Part 1: (40 minutes):

  • General introduction to ISO standards for semantic annotation;
  • motivation, background, and overview of ISO 24617-2 standard for dialogue act annotation;
  • ISO 24617-2 metamodel and basic concepts;
  • multidimensionality in dialogue annotation and its implementation
Part 2: (40 minutes):
  • Multifunctionality in dialogue utterances;
  • functional and feedback relations among dialogue units;
  • explanation and use of multidimensional segmentation;
  • the DiAML annotation language, abstract and concrete syntax, and semantics
Break (20 minutes)

Part 3: (60 minutes):
  • Use of ANVIL to support construction of multidimensional annotations for spoken and multimodal dialogue fragments;
  • Presentation and discussion of
    1. simple but representative examples of DiAML annotation;
    2. difficult cases and how to deal with them in DiAML
Part 4: (20 minutes):
  • Conclusions; evaluation; remaining questions and issues.

Biographical information of presenters


Prof.dr. Harry Bunt,
Tilburg Center for Cognition and Communication,
Email:
Webpage: http://let.uvt.nl/general/people/bunt

Harry Bunt is professor of Computational Linguistics and Artificial Intelligence at Tilburg University in the Netherlands since 1983. Prior to that he worked at Philips Research in the departments of dialogue systems. He studied physics and mathematics at the University of Utrecht, and obtained a doctorate in formal semantics at the University of Amsterdam.

He co-founded the ACL special interest group in parsing SIGPARSE, and the special interest group in computational semantics SIGSEM. He organizes the biennial conferences called "International Conference on Parsing Technology" (IWPT) since 1993. He initiated and organized the biennial conference series "International Workshops on Computational Semantics" (IWCS) since 1994. He organized a series of workshops on Interoperable Semantic Annotation (ISA series) since 2003, of which the most recent one (ISA-6) was held in Oxford, UK in January 2011.

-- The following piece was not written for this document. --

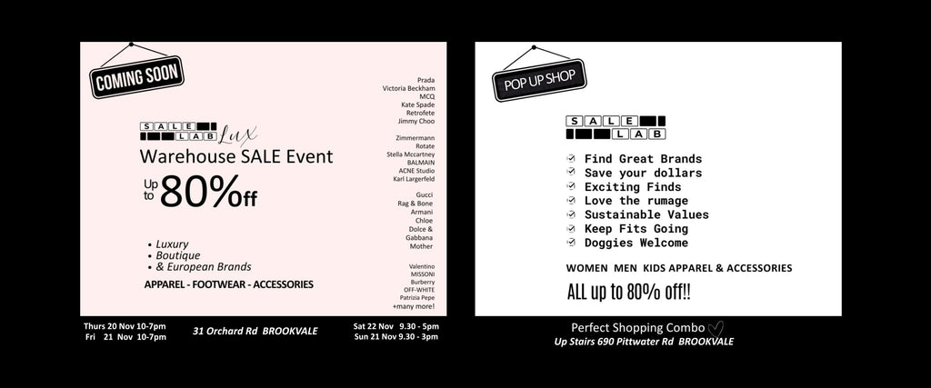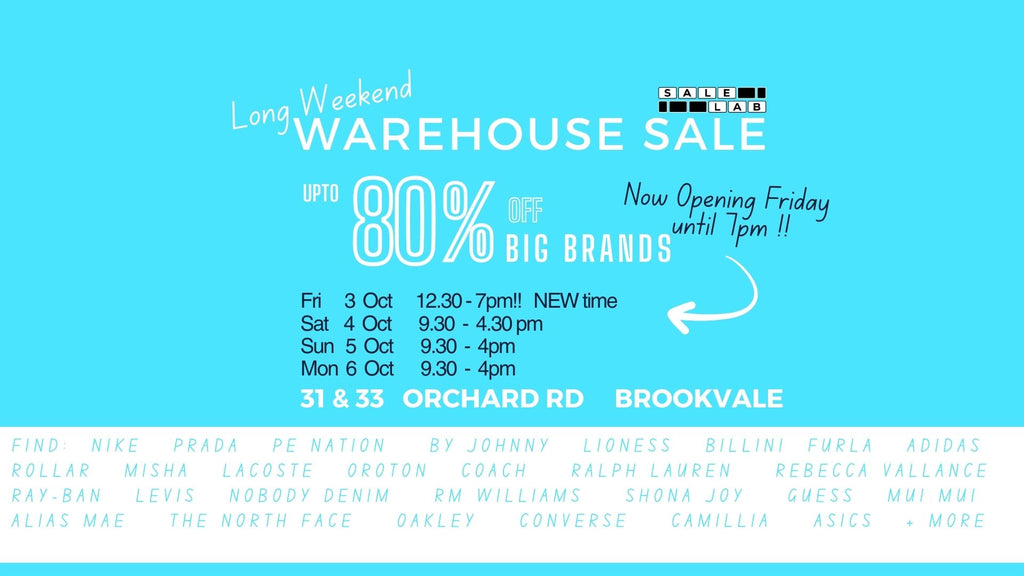 Our Sydney stores are bursting with incredible bargains up to 70% to 80% off retail. We embrace our Salelab community and aim to bring friendly, high street shopping vibes. Plus, dogs are welcome! Keep an eye out for our BIG WAREHOUSE EVENTS to score even bigger savings.
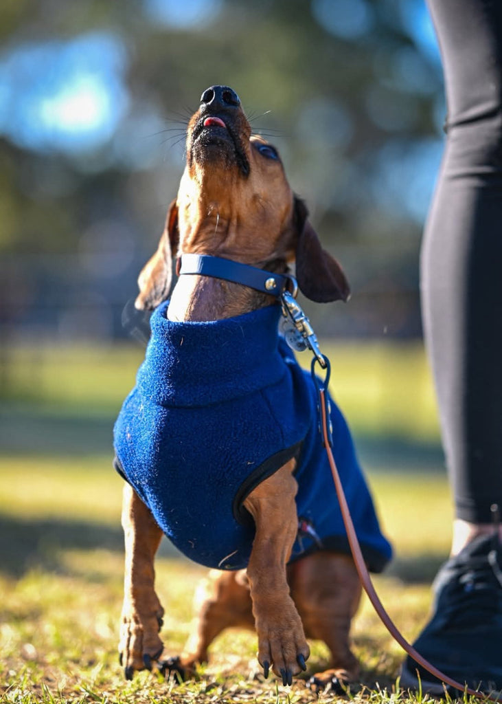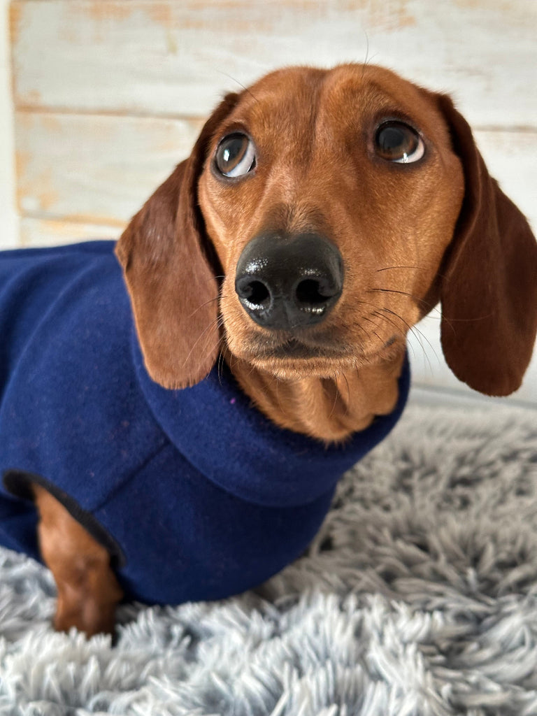 For the dachshund with a taste for understated elegance, Midnight Navy is the fleece jumper that whispers of quiet nights and starry skies. Inspired by the deep blue of midnight and the serenity of moonlit walks, this Polartec® jumper offers warmth, style, and sophistication for every pup who knows how to make an entrance.

One of his main areas of interest is the semantics and pragmatics of spoken and multimodal utterances in dialogue. He developed a theoretical framework for dialogue analysis called "Dynamic Interpretation Theory" (DIT), from which the DIT++ annotation scheme has emerged.

He is project leader for the International Organisation for Standards ISO of the effort to design an international standard for dialogue act annotation, and a co-project leader of several other ISO efforts concerned with the development of standards for various aspects of semantic annotation.

His interests and publications cover the areas of formal and computational semantics and pragmatics; semantic annotation; dialogue theory; human-computer interaction; parser and grammar design; knowledge representation; and dialogue systems. He published the monograph "Mass terms and model-theoretic semantics" (Cambridge University Press 1985), the book series "Computing Meaning, volumes 1-3" (Kluwer and Springer, 1999, 2002, 2007), two books on multimodal interaction, and four books on parsing, of which "the most recent one, Trends in Parsing Technology" (with Joakim Nivre and Paola Merlo) appeared in 2010.